Having found the line containing "ASUS ProArt P16" in the records below, copy that line and each later one exactly, dropping pictures.

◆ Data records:
+ + +
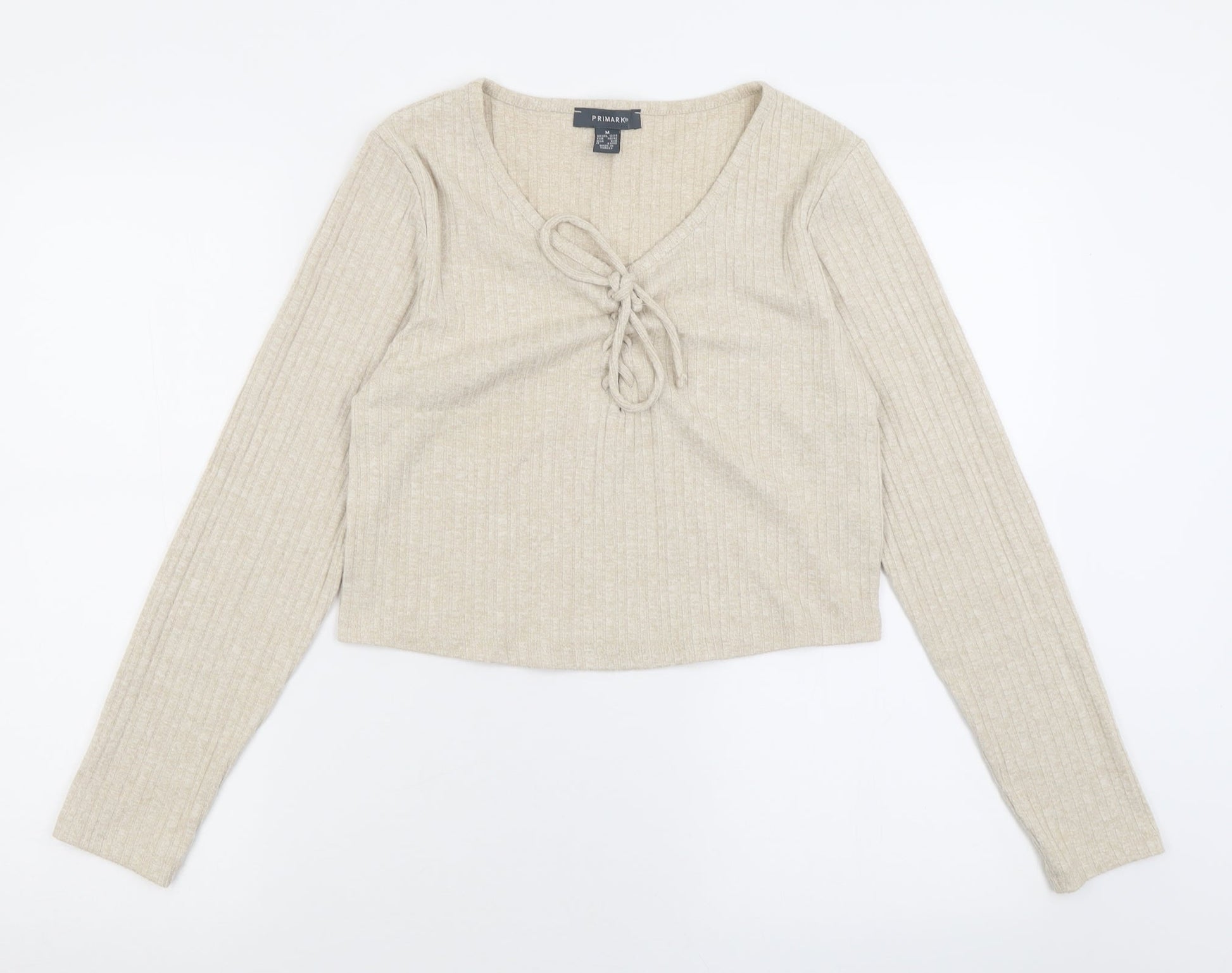 Primark Womens Beige Viscose Cropped T-Shirt Size M V-Neck
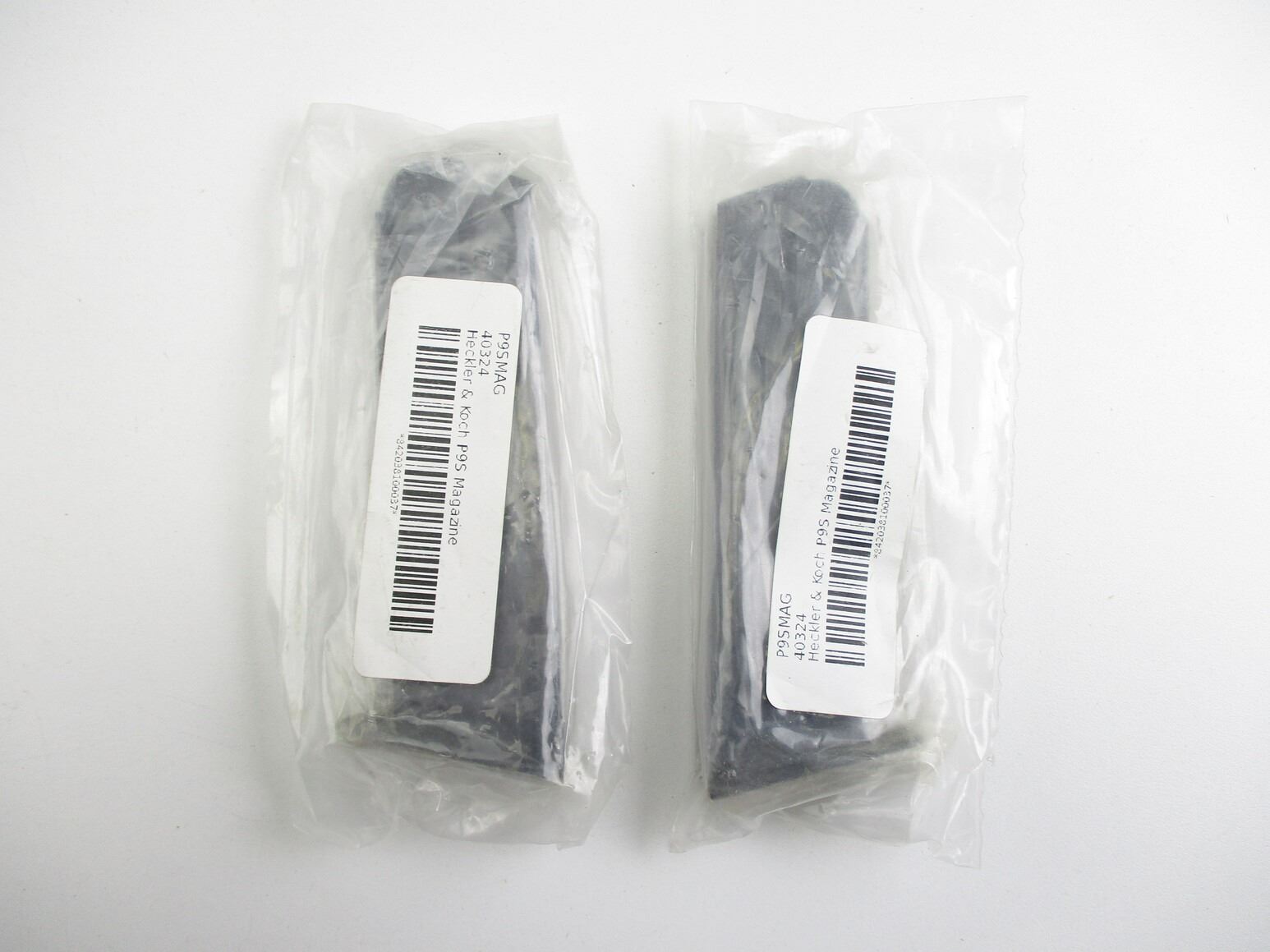 HECKLER & KOCH P9S PISTOL MAGAZINES , LOT OF 2. 9MM, 9 ROUND MAGS, BLUED STEEL, APPEAR NOS IN PLASTIC PACKAGING.
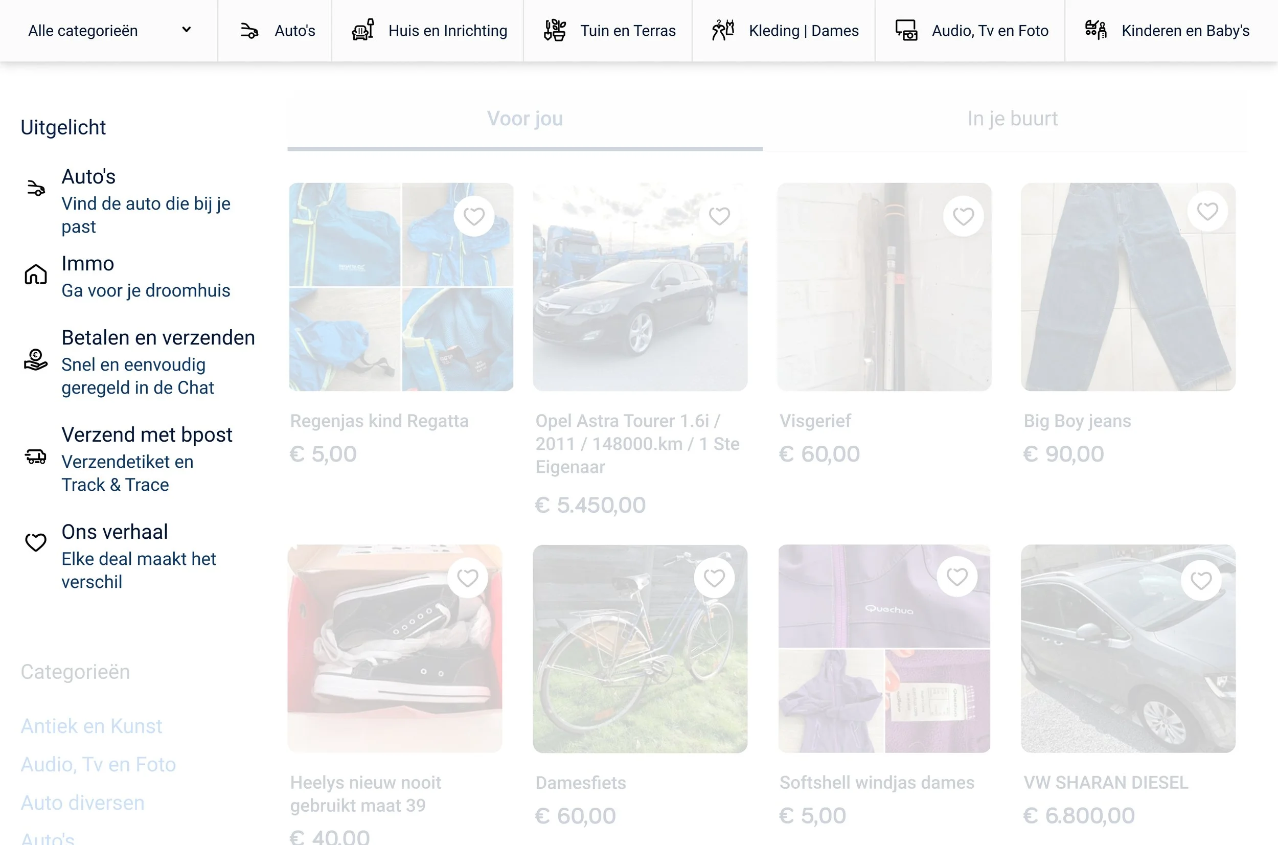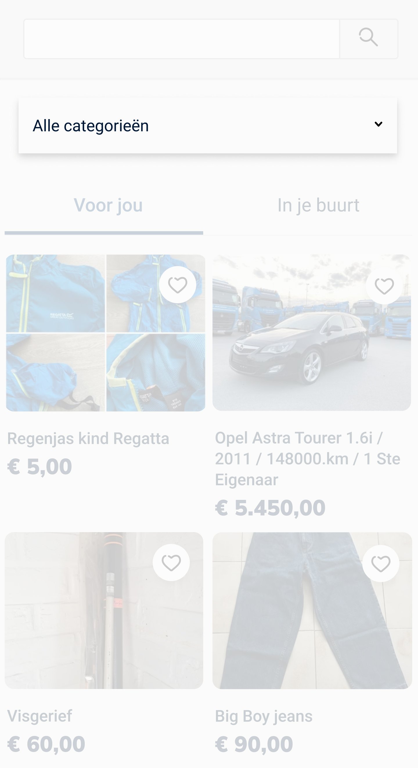 These are useful tabs, one of them with items related to my previous searches (“Voor jou”, which means For You) and another one with listings close to me (“In je buurt”, which means In your Neighborhood)
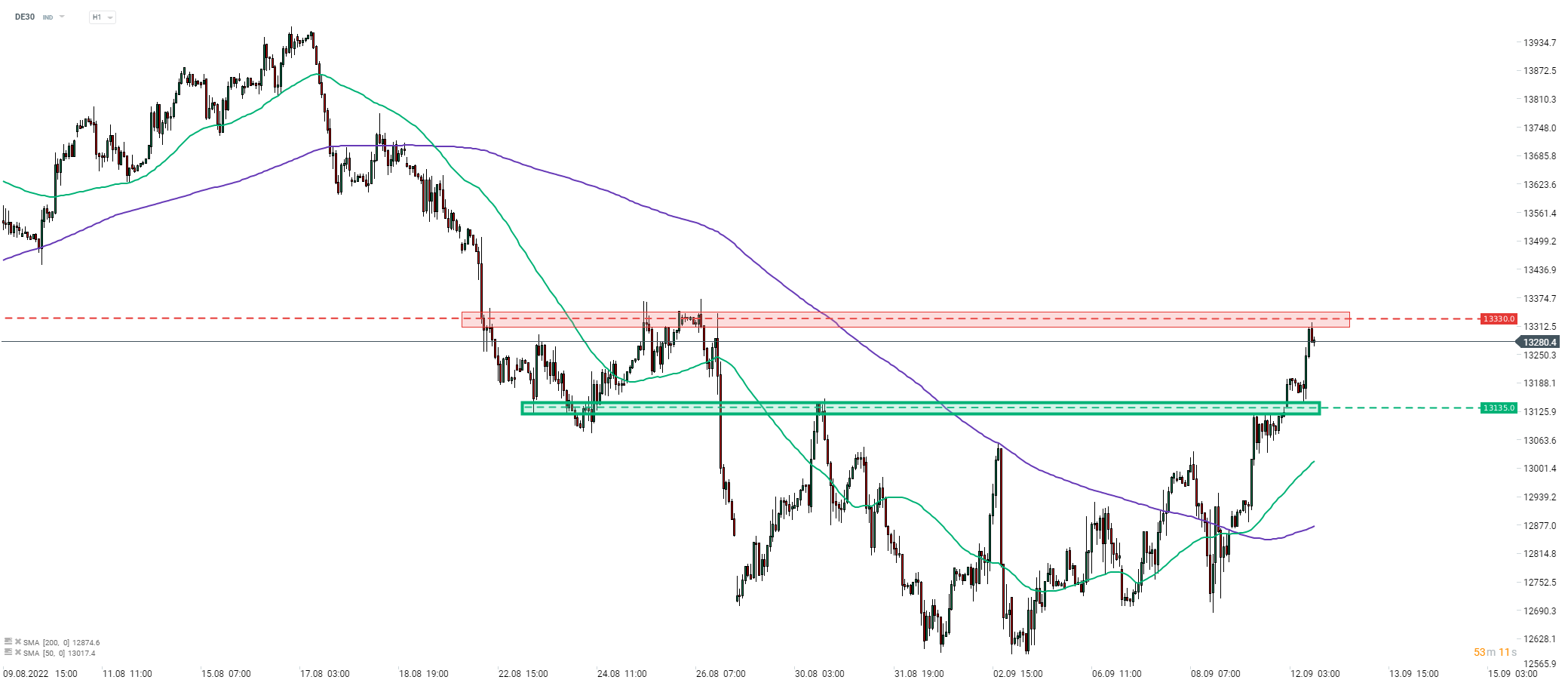 DE30 avansează cu 1,5% astăzi. Indicele a ajuns la rezistența de la 13.330 puncte, dar prima încercare de spargere în sus a fost una eșuată. Sursa: xStation5
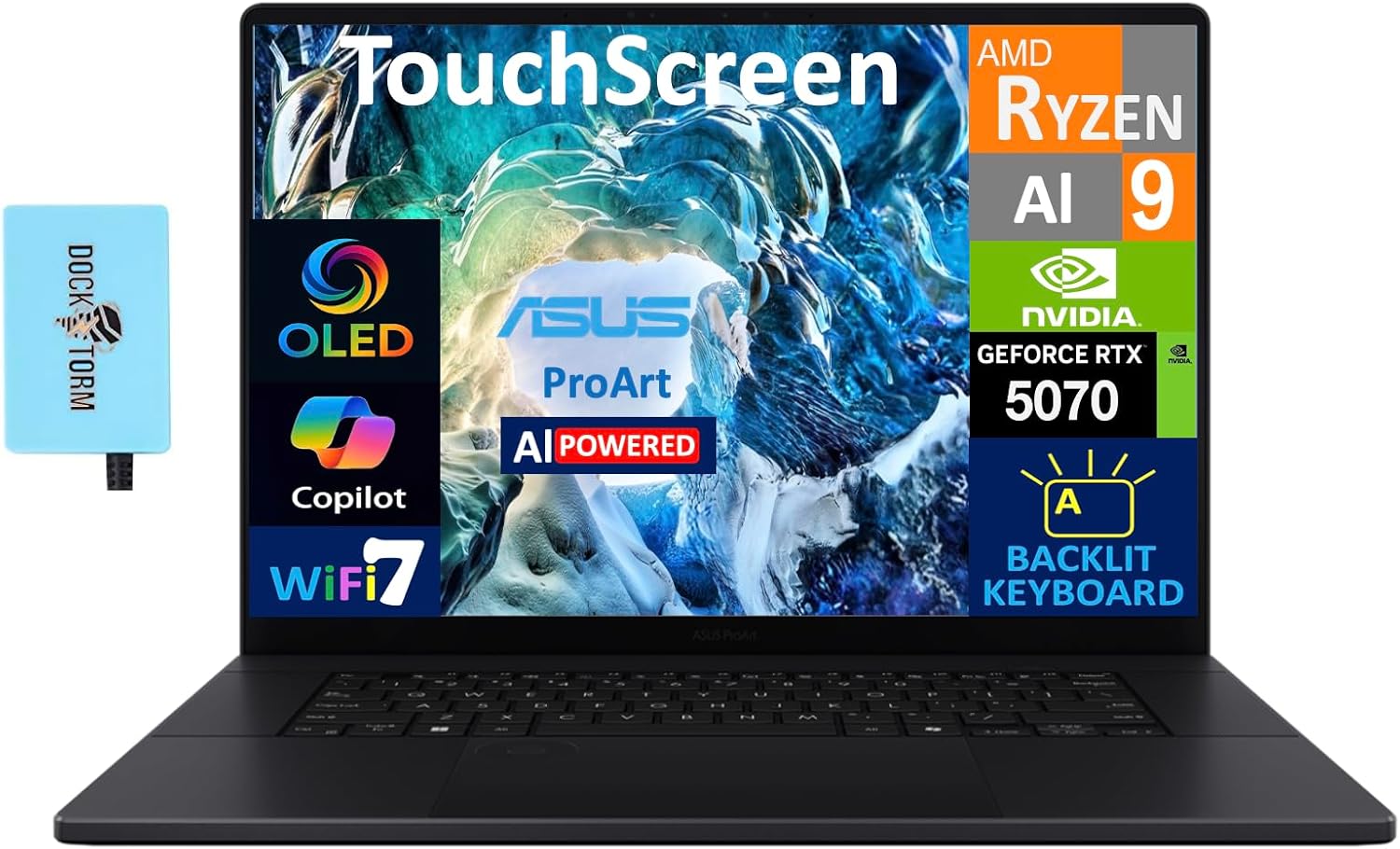 ASUS ProArt P16 AI Creator Laptop 16.0" Touchscreen OLED 4K Display (AMD Ryzen AI 9 HX 370, 32GB LPDDR5X, 2TB PCIe SSD, GeForce RTX 5070, Copilot+, Backlit KB, Win 11 Pro) w/DKZ USB Port Expander
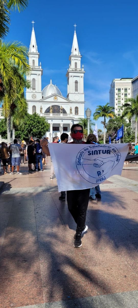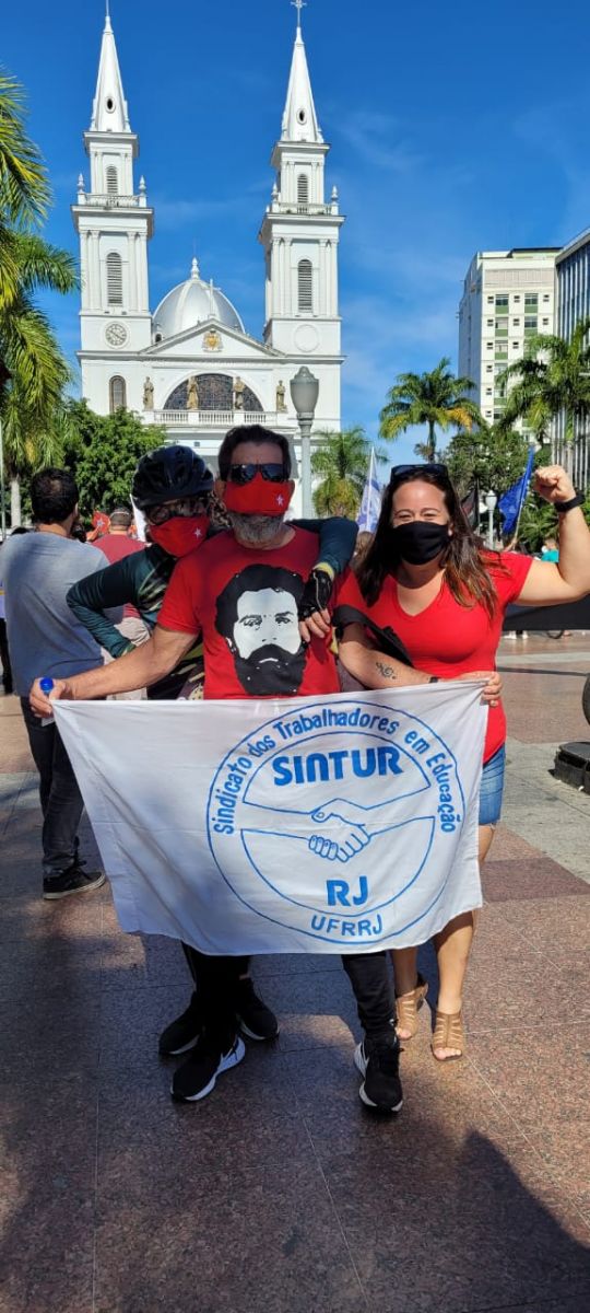 A Delegacia Sindical de Campos, na pessoa de Marcos Lemos, presente no terceiro ato nacional pelo "Fora, Bolsonaro", em Campos dos Goytacazes, região norte fluminense do Rio de Janeiro.
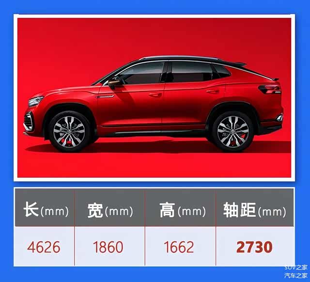 探岳X定位为中型轿跑SUV,三围尺寸表现为4626/1860/1662毫米,轴距为2730毫米。与探岳相比,探岳X的车身长度多出了37毫米,车宽、车高以及轴距却几乎没有改变。但是,如果大众的设计师把车宽加宽一些,车高降低一些,那种低趴的视觉效果可能更符合轿跑SUV的车型定位。
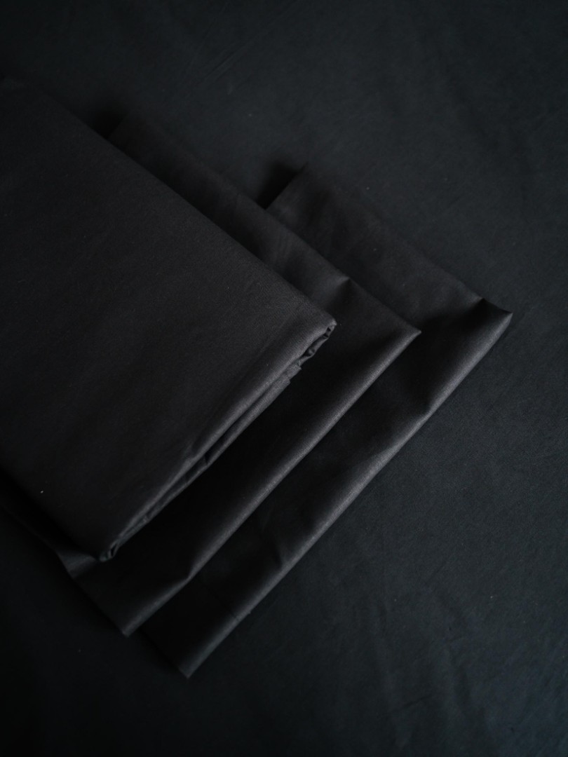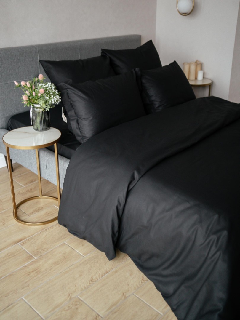 Комплект постельного белья Лен Семейный Черный с Простыней на резинке
+ + +
◆ ANSWER TO THE EXERCISE:
 ASUS ProArt P16 AI Creator Laptop 16.0" Touchscreen OLED 4K Display (AMD Ryzen AI 9 HX 370, 32GB LPDDR5X, 2TB PCIe SSD, GeForce RTX 5070, Copilot+, Backlit KB, Win 11 Pro) w/DKZ USB Port Expander
 A Delegacia Sindical de Campos, na pessoa de Marcos Lemos, presente no terceiro ato nacional pelo "Fora, Bolsonaro", em Campos dos Goytacazes, região norte fluminense do Rio de Janeiro.
 探岳X定位为中型轿跑SUV,三围尺寸表现为4626/1860/1662毫米,轴距为2730毫米。与探岳相比,探岳X的车身长度多出了37毫米,车宽、车高以及轴距却几乎没有改变。但是,如果大众的设计师把车宽加宽一些,车高降低一些,那种低趴的视觉效果可能更符合轿跑SUV的车型定位。
 Комплект постельного белья Лен Семейный Черный с Простыней на резинке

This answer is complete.